# secondary air injection delete



## jing-jang (Jun 4, 2012)

hi guys, anybody with any experience with this ??? I found some of the plastic pipes broken so today i decided to remove it, no fault codes afterwards, much easier access to oil filter and maybe its just my imagination but car pulls better low down, instead of starting going mad in around 3k car starts pulling much much better from 2.2k and idle is more steady as well.


----------



## Teighto (Aug 10, 2008)

Easy to remove ?


----------



## jing-jang (Jun 4, 2012)

to be honest very easy, three 8mm allan key bolts, 3 10mm spanner nuts, one electric connector and 2 stupidly designed plastic tubes...one tube connects to air box, second to some strange ufo like metal plate next to the fuel rail, disconnect everywhere, replace standard airbox with induction kit, and from the metal ufo thing pul out vacuum hose from top so it wont open...easy as that


----------



## nilrem (Sep 9, 2011)

SAI pump is only used on a cold start to pump in more air to get the Cat up to operating temperature quicker to cut down on emissions.
The silver UFO is the combi valve which is usually removed and blanked off when the delete is done.

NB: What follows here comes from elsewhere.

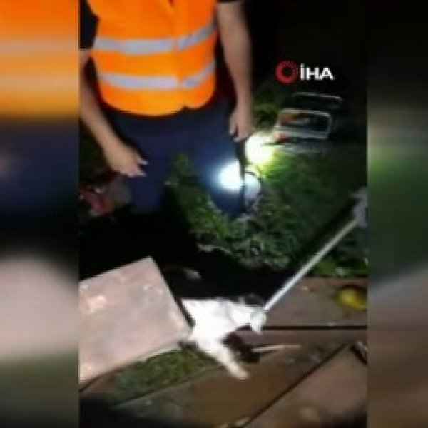 Demir boru içinde mahsur kalan oğlak itfaiye ekipleri tarafından kurtarıldı -1
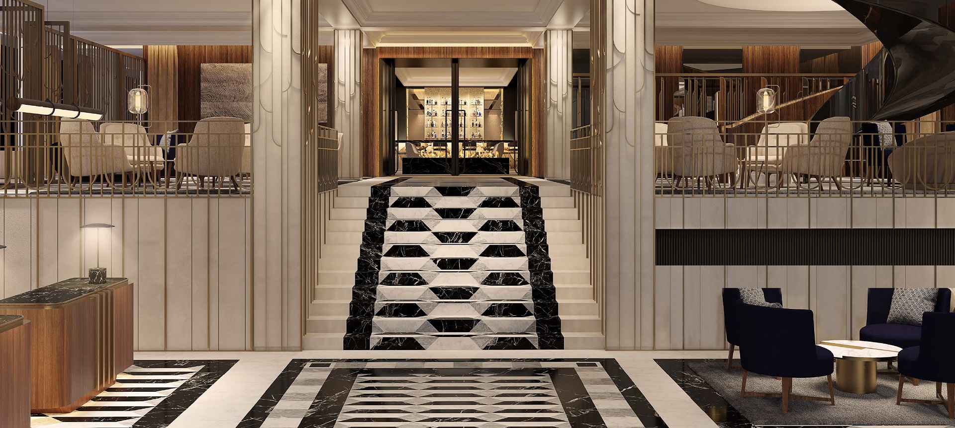 Просторное лобби оформлено в сдержанных теплых тонах. Контраст темного и светлого мрамора на полу подчеркивает геометрию элементов из матового стекла и золотистого металла, зонирующих лобби и lounge-пространство

You will also get an incorrect flow error code on a scan but this can be ignored.


----------



## thebluemax (Oct 11, 2012)

never heard of this , is it safe to do and will it affect the engine reliability ?


----------



## nilrem (Sep 9, 2011)

On the 225 engines its fitted to the APX engines, BAM has VVT which is 'only' used on cold start.

Perfectly safe to do as the Only difference is that your emissions would be higher on a cold start as Cat would take longer getting to optimum temp.


----------



## jing-jang (Jun 4, 2012)

nilrem said:


> On the 225 engines its fitted to the APX engines, BAM has VVT which is 'only' used on cold start.
> 
> Perfectly safe to do as the Only difference is that your emissions would be higher on a cold start as *Cat would take longer getting to optimum temp.*


if you have got one :wink:


----------